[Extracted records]
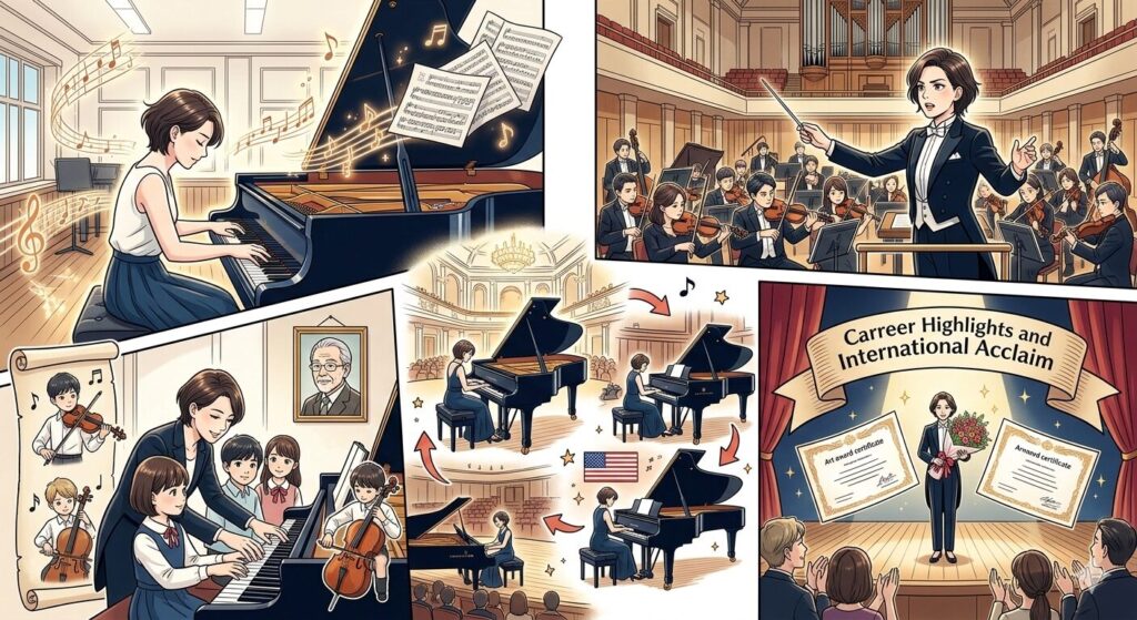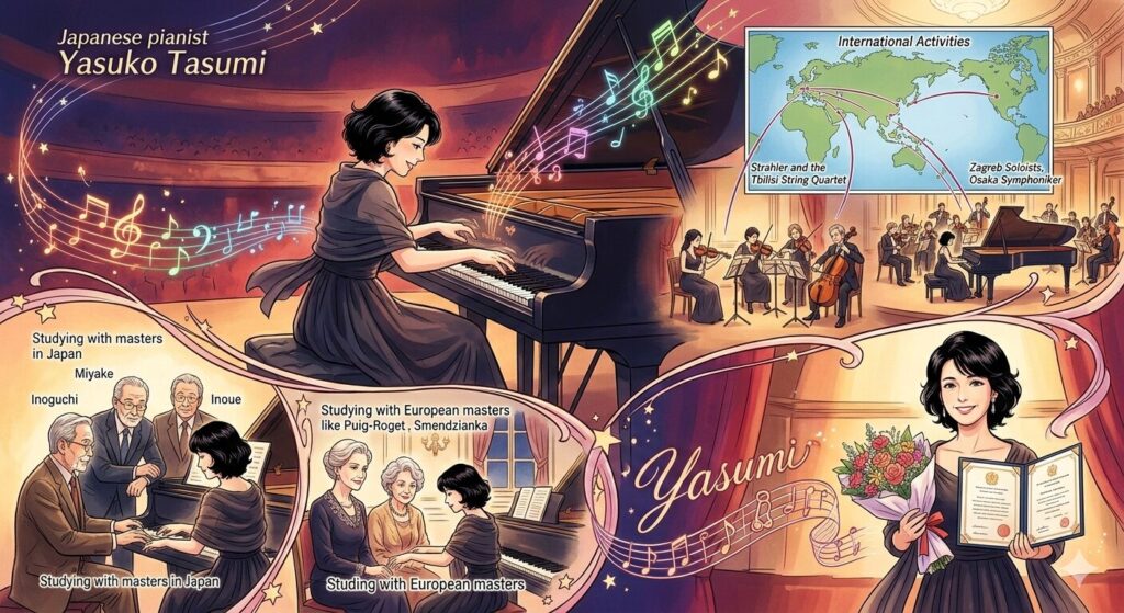 国際舞台でも積極的な活動を展開しました。ドイツやスイスでの演奏会、アメリカのワイオミング大学での2台ピアノによるコンサート、ザグレブ・ソロイスツとのモーツァルト、大阪シンフォニカー管弦楽団とのチャイコフスキーのピアノ協奏曲第1番共演など、その活動記録は国内にとどまりません。
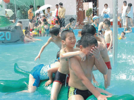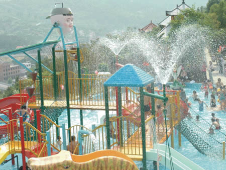 卡通噴泉、急速滑梯……這里的童話世界讓您的孩子恍若天使般幸福、快樂!銀鈴般的笑聲,充滿童稚音的歌聲,響徹云霄。美妙的孩童時光從這里開始,五彩斑斕的人生從這里起步。水溫36-38度,專為兒童設計,設有水上滑道和花樣繁多的兒童小品:蘑菇噴淋、水槍、浮漂等,讓您的孩子盡情釋放活潑快樂。
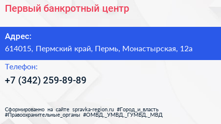Первый банкротный центр по адресу 614015, Пермский край, Пермь, Монастырская, 12а в дальнейшем Организация, размещена в следующих категориях:
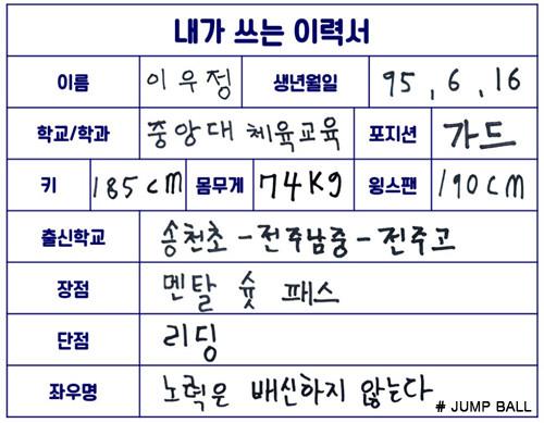 [점프볼=강현지 기자] 2017년 신인 드래프트에 도전하는 '예비 프로'가 쓰는 취업 이력서. 여섯 번째 주인공은 중앙대 이우정(22, 185cm)이다. 전반기 아쉬움을 삼킨 그는 하계유니버시아드 대회와, 대학리그 플레이오프를 통해 반전을 꿈꾼다. 대학생으로서 뛸 수 있는 마지막 대회, 그는 어떤 마음으로 준비하고 있을까.
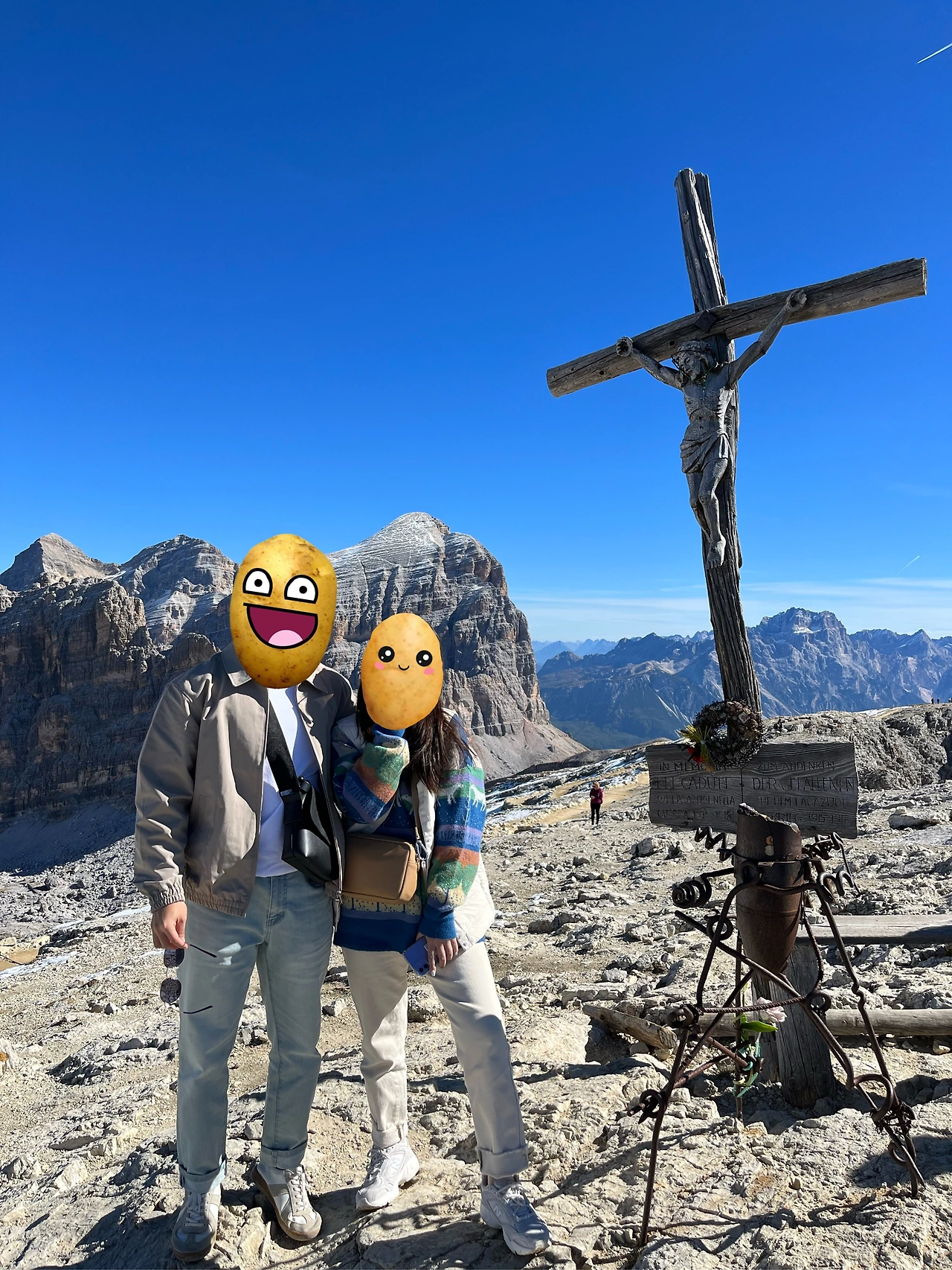정상 부근에 가니 참전자들을 기리기 위한 작은 십자가가 있었다. 그 주위로는 돌로미티의 아름다운 경관을 배경 삼아, 십자가와 사진을 찍으려는 이들이 많았고 나와 콩자씨 또한 기념사진을 멋지게 남길 수 있었다.

EXERCISE BRIEF: Output the entries exactly as they appear, with no pictures included.

RESPONSE BELOW:
 国際舞台でも積極的な活動を展開しました。ドイツやスイスでの演奏会、アメリカのワイオミング大学での2台ピアノによるコンサート、ザグレブ・ソロイスツとのモーツァルト、大阪シンフォニカー管弦楽団とのチャイコフスキーのピアノ協奏曲第1番共演など、その活動記録は国内にとどまりません。
 卡通噴泉、急速滑梯……這里的童話世界讓您的孩子恍若天使般幸福、快樂!銀鈴般的笑聲,充滿童稚音的歌聲,響徹云霄。美妙的孩童時光從這里開始,五彩斑斕的人生從這里起步。水溫36-38度,專為兒童設計,設有水上滑道和花樣繁多的兒童小品:蘑菇噴淋、水槍、浮漂等,讓您的孩子盡情釋放活潑快樂。
Первый банкротный центр по адресу 614015, Пермский край, Пермь, Монастырская, 12а в дальнейшем Организация, размещена в следующих категориях:
 [점프볼=강현지 기자] 2017년 신인 드래프트에 도전하는 '예비 프로'가 쓰는 취업 이력서. 여섯 번째 주인공은 중앙대 이우정(22, 185cm)이다. 전반기 아쉬움을 삼킨 그는 하계유니버시아드 대회와, 대학리그 플레이오프를 통해 반전을 꿈꾼다. 대학생으로서 뛸 수 있는 마지막 대회, 그는 어떤 마음으로 준비하고 있을까.
정상 부근에 가니 참전자들을 기리기 위한 작은 십자가가 있었다. 그 주위로는 돌로미티의 아름다운 경관을 배경 삼아, 십자가와 사진을 찍으려는 이들이 많았고 나와 콩자씨 또한 기념사진을 멋지게 남길 수 있었다.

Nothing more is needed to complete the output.